_The input_
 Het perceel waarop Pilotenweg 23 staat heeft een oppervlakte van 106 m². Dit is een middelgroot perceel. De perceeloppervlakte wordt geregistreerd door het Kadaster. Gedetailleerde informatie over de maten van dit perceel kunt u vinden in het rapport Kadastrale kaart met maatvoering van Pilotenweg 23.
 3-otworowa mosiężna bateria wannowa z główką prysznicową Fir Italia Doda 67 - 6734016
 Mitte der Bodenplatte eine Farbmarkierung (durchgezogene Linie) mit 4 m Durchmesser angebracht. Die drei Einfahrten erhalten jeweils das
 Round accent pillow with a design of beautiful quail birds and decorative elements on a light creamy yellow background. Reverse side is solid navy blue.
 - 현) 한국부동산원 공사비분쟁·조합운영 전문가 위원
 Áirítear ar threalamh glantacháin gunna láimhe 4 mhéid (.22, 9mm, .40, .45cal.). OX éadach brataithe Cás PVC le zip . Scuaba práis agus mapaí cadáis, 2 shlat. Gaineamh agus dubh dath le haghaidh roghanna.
...
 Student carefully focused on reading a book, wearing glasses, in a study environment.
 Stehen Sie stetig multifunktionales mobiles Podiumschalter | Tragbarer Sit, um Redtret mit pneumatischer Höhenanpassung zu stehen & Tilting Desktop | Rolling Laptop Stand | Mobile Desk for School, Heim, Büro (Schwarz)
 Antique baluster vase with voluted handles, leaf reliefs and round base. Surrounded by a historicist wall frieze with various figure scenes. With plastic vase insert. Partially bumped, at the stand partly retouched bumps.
* * *
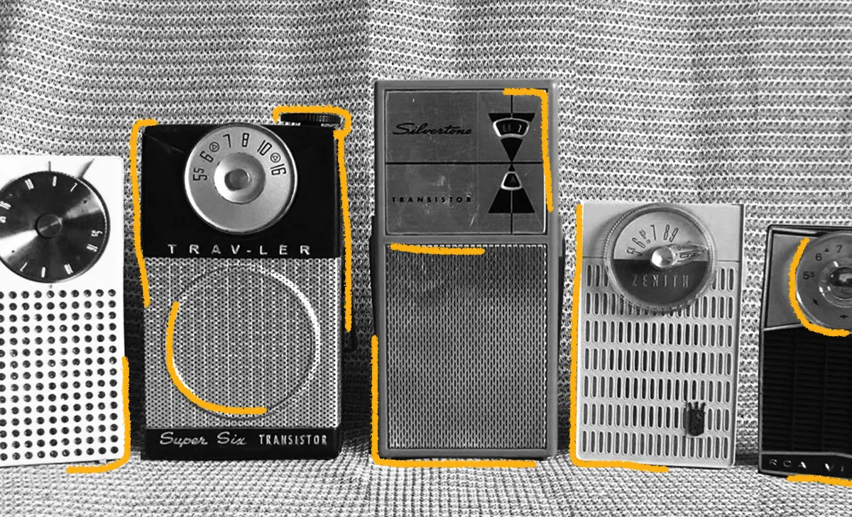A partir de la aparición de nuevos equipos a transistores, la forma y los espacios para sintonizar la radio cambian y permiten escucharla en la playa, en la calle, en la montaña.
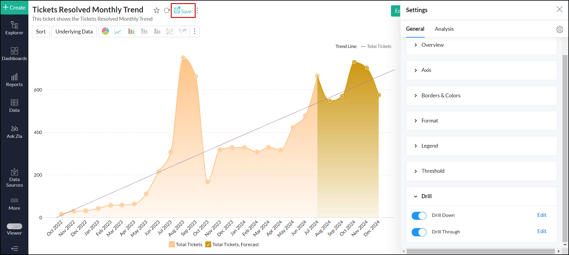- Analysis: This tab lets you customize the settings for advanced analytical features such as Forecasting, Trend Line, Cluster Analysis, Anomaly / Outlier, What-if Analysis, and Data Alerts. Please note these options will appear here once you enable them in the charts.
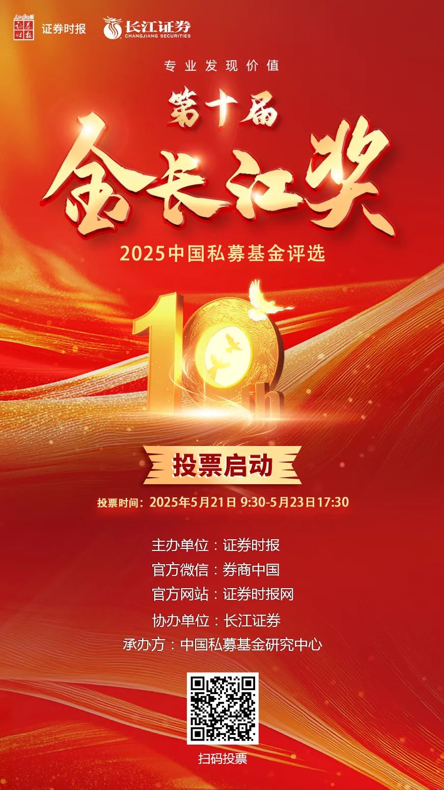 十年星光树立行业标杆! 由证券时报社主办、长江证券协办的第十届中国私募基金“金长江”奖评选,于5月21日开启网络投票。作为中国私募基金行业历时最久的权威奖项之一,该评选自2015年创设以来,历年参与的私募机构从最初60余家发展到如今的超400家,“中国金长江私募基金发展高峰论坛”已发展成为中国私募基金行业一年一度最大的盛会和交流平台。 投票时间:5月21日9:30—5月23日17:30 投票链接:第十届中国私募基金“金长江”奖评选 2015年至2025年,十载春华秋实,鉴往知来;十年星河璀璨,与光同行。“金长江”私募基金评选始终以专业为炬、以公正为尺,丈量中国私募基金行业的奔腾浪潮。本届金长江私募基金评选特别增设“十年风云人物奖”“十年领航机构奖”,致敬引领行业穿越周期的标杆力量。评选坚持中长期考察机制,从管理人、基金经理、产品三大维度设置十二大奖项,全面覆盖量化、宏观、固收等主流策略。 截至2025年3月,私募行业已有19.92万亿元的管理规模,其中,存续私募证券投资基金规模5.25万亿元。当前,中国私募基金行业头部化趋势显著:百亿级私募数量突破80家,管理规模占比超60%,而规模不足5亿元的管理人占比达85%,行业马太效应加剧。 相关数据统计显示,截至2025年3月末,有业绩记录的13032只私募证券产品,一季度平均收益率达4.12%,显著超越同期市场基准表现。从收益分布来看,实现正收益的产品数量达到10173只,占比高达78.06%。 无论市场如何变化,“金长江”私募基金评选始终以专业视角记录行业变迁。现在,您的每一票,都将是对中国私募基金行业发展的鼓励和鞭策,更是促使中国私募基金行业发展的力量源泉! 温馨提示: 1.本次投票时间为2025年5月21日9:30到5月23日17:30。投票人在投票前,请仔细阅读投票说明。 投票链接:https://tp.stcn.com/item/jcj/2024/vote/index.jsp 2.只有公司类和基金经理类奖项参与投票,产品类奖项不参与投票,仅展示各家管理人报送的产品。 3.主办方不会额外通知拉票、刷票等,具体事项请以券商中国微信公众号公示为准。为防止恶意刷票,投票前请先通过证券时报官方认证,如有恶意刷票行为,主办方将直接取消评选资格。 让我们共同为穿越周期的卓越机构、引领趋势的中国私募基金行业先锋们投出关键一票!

_To do_
Which lines above run from the one containing "Het perceel waarop" down to the one containing "Áirítear ar threalamh"? Repeat exactly those, both ends included, and nothing else.

_Answer for the task_
 Het perceel waarop Pilotenweg 23 staat heeft een oppervlakte van 106 m². Dit is een middelgroot perceel. De perceeloppervlakte wordt geregistreerd door het Kadaster. Gedetailleerde informatie over de maten van dit perceel kunt u vinden in het rapport Kadastrale kaart met maatvoering van Pilotenweg 23.
 3-otworowa mosiężna bateria wannowa z główką prysznicową Fir Italia Doda 67 - 6734016
 Mitte der Bodenplatte eine Farbmarkierung (durchgezogene Linie) mit 4 m Durchmesser angebracht. Die drei Einfahrten erhalten jeweils das
 Round accent pillow with a design of beautiful quail birds and decorative elements on a light creamy yellow background. Reverse side is solid navy blue.
 - 현) 한국부동산원 공사비분쟁·조합운영 전문가 위원
 Áirítear ar threalamh glantacháin gunna láimhe 4 mhéid (.22, 9mm, .40, .45cal.). OX éadach brataithe Cás PVC le zip . Scuaba práis agus mapaí cadáis, 2 shlat. Gaineamh agus dubh dath le haghaidh roghanna.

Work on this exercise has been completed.